Credit life insurance raises the amount you pay on a loan because creditors add the premium to the total loan amount on which you pay interest. You may not need credit life insurance if you already have enough life insurance or if you are able to purchase a life insurance policy. If you bought a credit life policy without realizing that you could use your existing life insurance policy, you can usually stop the credit life payment and receive a refund for any premium paid in advance.

Home Service Life

Home service refers to a method of selling and servicing insurance, generally life and health insurance. Some companies that market on a home service basis sell "industrial life insurance," which is frequently a low-death-benefit policy that accumulates cash value at a very low rate. The relative cost of an industrial life policy is extremely high compared to some other cash value and term life policies.

Accelerated Death Benefits

If your policy has an accelerated death benefit provision, under certain conditions it will pay you the policys death benefit while you are still alive. If your life insurance policy contains this type of benefit, you can receive an early benefit payment based on your need for long-term care services, with the same benefit eligibility requirements as a long-term care policy. It also can be paid for a specified disease (a disease or condition likely to cause permanent disability or premature death, such as AIDS or cancer) or a terminal illness (life expectancy of two years or less). The accelerated death benefit can be part of the policy or attached as a rider.

An accelerated death benefit may be either tax qualified or non-tax qualified. To be tax qualified, benefits must be paid for a terminal illness when your life expectancy is two years or less or for a "qualified long-term care illness."

To have a qualified long-term care illness, you must meet the following benefit eligibility requirements:

be diagnosed as "chronically ill"
receive long-term care services through a "plan of care" prescribed by a licensed health care practitioner.
You will be considered "chronically ill" if you meet one of the following standards:

Due to disability or age, you are expected to be unable to do at least two of six Activities of Daily Living (ADLs) without substantial help from another person for at least 90 days.

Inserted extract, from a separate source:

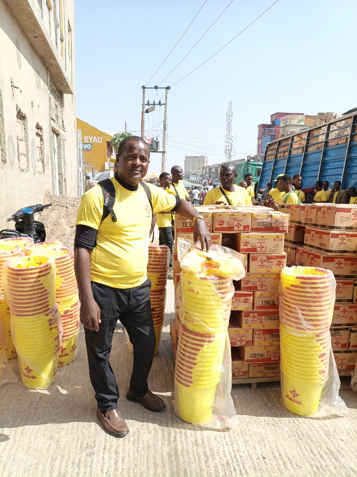 An outdoor scene in Fagge C, Nigeria, depicts a distribution or merchandising operation
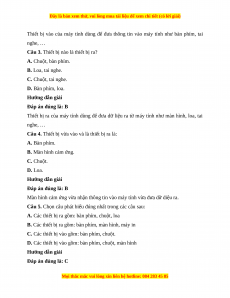 Câu 3. Thiết bị nào là thiết bị ra? A. Chuột, bàn phím. B. Loa, tai nghe. C. Chuột, tai nghe. D. Bàn phím, loa. Hướng dẫn giải Đáp án đúng là: B

ADLs are bathing, dressing, toileting, transferring (mobility), eating, and continence.
You need substantial supervision to protect your health and safety because you are cognitively impaired.
Your qualified long-term care illness must have been diagnosed by a licensed health care practitioner within the 12 months prior to approval of your request for the accelerated benefit.

By law, an accelerated death benefit must contain clear disclosures regarding possible adverse tax consequences and the effect of an accelerated death benefit on eligibility for Medicaid or other government benefits.